SaaS Starter

Assistant

Transport-agnostic LLM assistant primitives — tool shape, persona builder, OpenAI tool-calling loop. Pairs with @app/mcp and @app/rag.

The @app/assistant package is the transport-agnostic core of the boilerplate's AI story:

  • Tool shapeAssistantTool<I, O, Ctx> with a Zod input schema and a structured ToolResult ({ ok, summary, payload } / { ok, error }).
  • Tool registry — bridges to the Vercel AI SDK's ToolSet so the same tools register with generateText({ tools }) in-process.
  • Persona buildercomposePersona({ baseRules, toolCatalog?, glossary? }) stitches a system prompt without imposing tone or content.
  • OpenAI completerOpenAiAssistantCompleter drains streamText for text-only completions and runs generateText with stopWhen: stepCountIs for the bounded multi-hop tool loop, surfacing per-tool traces.
  • Run-turn orchestratorrunAssistantTurn(completer, registry, input) returns { text, promptTokens, completionTokens, toolCalls }.

Why a separate package from @app/ai?

@app/ai is a thin port + adapter layer for streamText / embed / transcribe — used by the existing /api/v1/ai/chat endpoint that streams plain text. @app/assistant adds the missing pieces a real assistant needs: usage metrics, structured tool-call traces, and a bounded multi-step tool loop. Keeping them separate means a consumer that only wants chat streaming doesn't carry the tool-loop machinery.

Tool shape

import { z } from 'zod';
import type { AssistantTool, ToolContext } from '@app/assistant';

interface MyCtx extends ToolContext {
  userId: string;
  organizationId: string;
}

const Schema = z.object({ id: z.string().min(1) });

export const archiveNoteTool: AssistantTool<z.infer<typeof Schema>, void, MyCtx> = {
  name: 'archive_note',
  description: 'Archive a note by id.',
  inputSchema: Schema,
  execute: async (input, ctx) => {
    try {
      await archiveNote({ id: input.id, by: ctx.userId, in: ctx.organizationId });
      return { ok: true, summary: `Archived note ${input.id}.` };
    } catch (err) {
      return { ok: false, error: err instanceof Error ? err.message : 'unknown' };
    }
  },
};

The same shape works across two transports today:

  • In-process via runAssistantTurn — pass the tool to a ToolRegistry and the AI SDK runs execute() for you on each LLM tool call.
  • MCP via @app/mcp — see packages/mcp/src/tool-adapter.ts. The adapter derives JSON Schema from the Zod schema using z.toJSONSchema() and bridges execute(input, ctx) to MCP's handler(args) shape.

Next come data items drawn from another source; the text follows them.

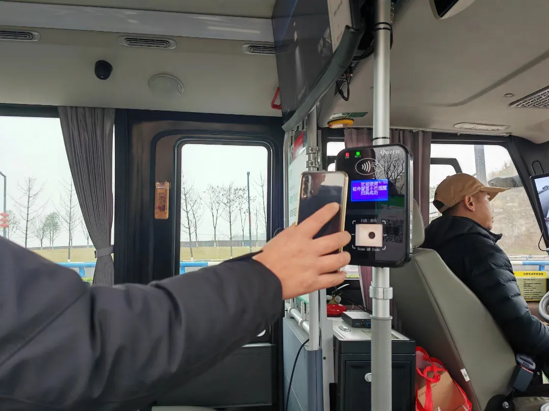 乘客扫码上车(仅作乘车人流量统计,并不是付费哦)。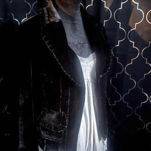 Luxurious black velvet blazer with ruffle details. Perfect for elegant occasions.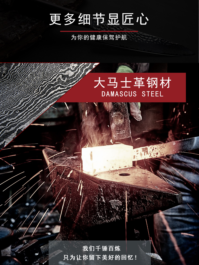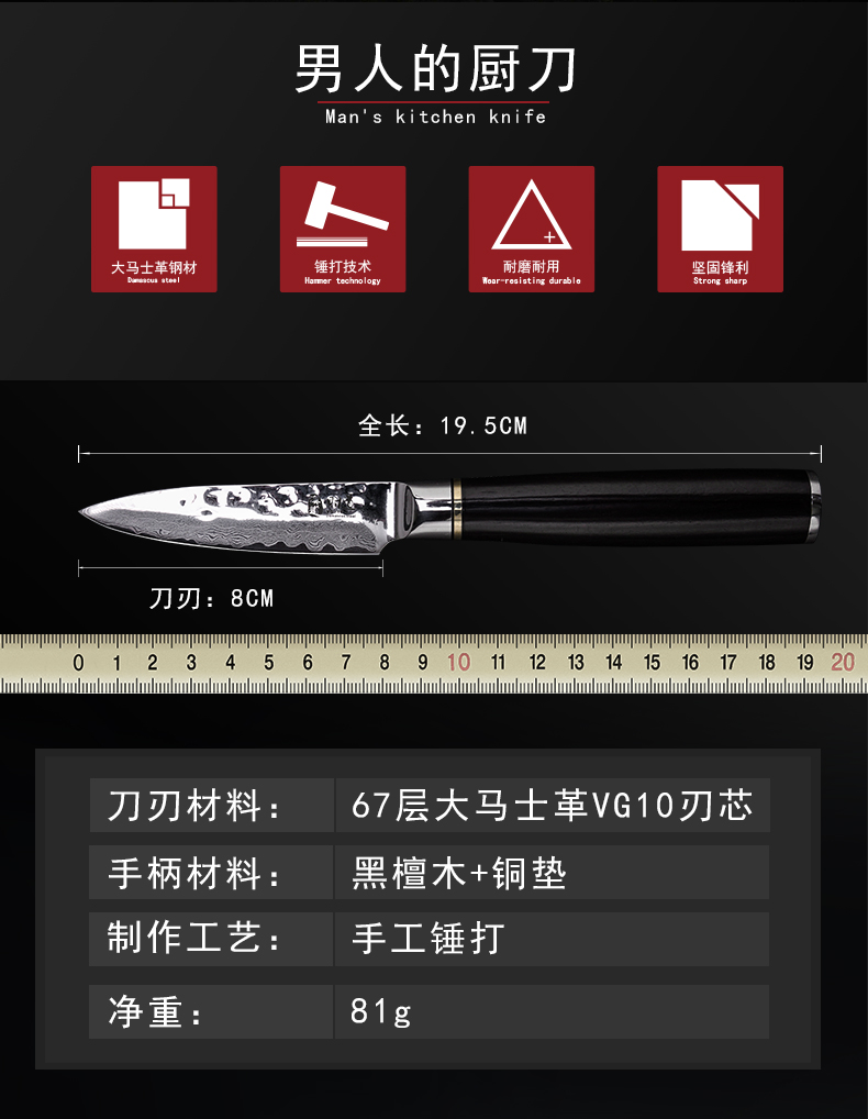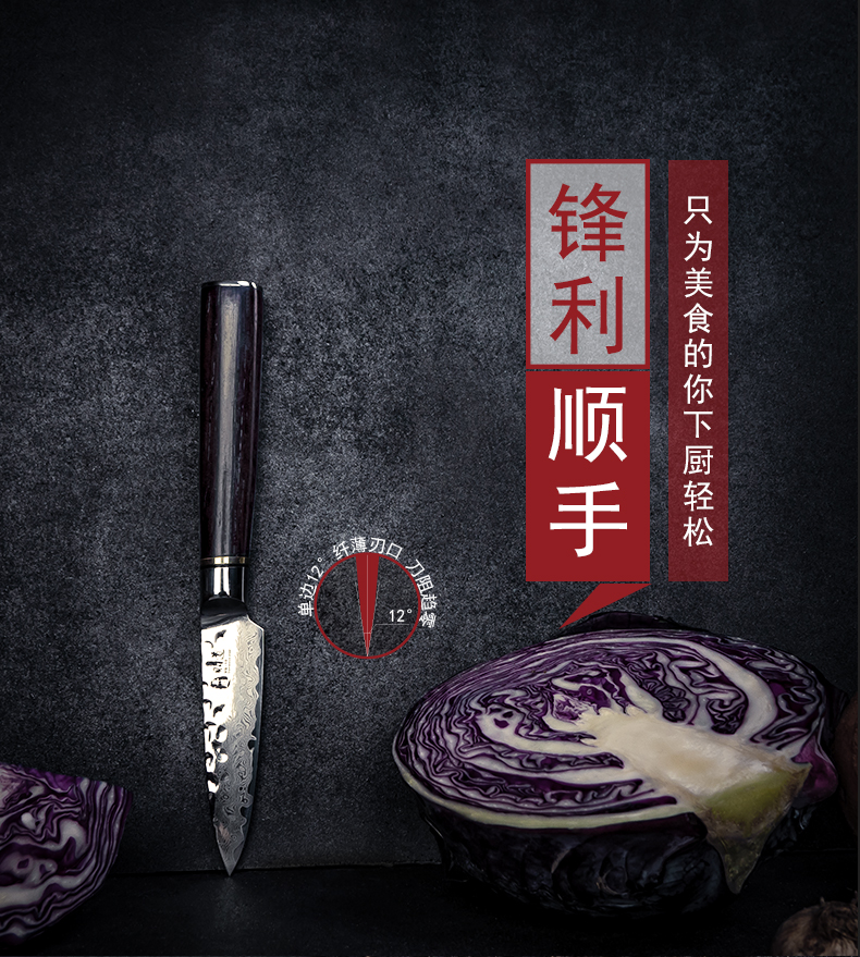 汉道【锤打大马士革水果刀】家用果皮刀厨房刀

The plop generator (bun gen mcp:tool) emits the unified AssistantTool shape — see MCP for the wired example.

Composing a turn

import {
  composePersona,
  runAssistantTurn,
  ToolRegistry,
  OpenAiAssistantCompleter,
} from '@app/assistant';

const registry = new ToolRegistry<MyCtx>([archiveNoteTool, /* ... */]);
const completer = new OpenAiAssistantCompleter({ apiKey: env.OPENAI_API_KEY });

const systemPrompt = composePersona({
  baseRules: 'You are a helpful productivity assistant. Be brief.',
  toolCatalog: registry.buildCatalogSummary(),
});

const result = await runAssistantTurn(completer, registry, {
  systemPrompt,
  messages: [{ role: 'user', content: 'archive note abc123' }],
  ctx: { userId: 'u_42', organizationId: 'org_1' },
  model: 'gpt-5.4-mini',
});

console.log(result.text);          // final reply
console.log(result.toolCalls);     // [{ name, ok, result }]
console.log(result.promptTokens);  // usage for cost accounting

RAG integration

Pair with @app/rag to inject relevant snippets at turn time:

import { RetrieveRelevantContextUseCase } from '@app/rag';

const hits = await retriever.execute({
  organizationId: ctx.organizationId,
  query: lastUserMessage,
  topK: 5,
});

const systemPrompt = composePersona({
  baseRules: 'You are ...',
  toolCatalog: registry.buildCatalogSummary(),
  glossary: hits.map((h) => `- ${h.snippet}`).join('\n'),
});

The retrieval block is just a markdown bullet list injected as the "glossary" section — the LLM treats it as additional context.

What's NOT in the package

  • Conversation history persistence — bring your own (Prisma table, Redis stream, in-memory Map). The turn loop is stateless; you feed it the message tail you want the LLM to see.
  • Domain-event listeners for re-indexing — those are consumer-specific (when a note changes, what snippet do you build?). The plop generator in a follow-up will scaffold these.
  • A persona contentcomposePersona is a string assembler. The voice, the rules, the language are yours to write.

This is intentional — the package is the LLM glue, not the assistant.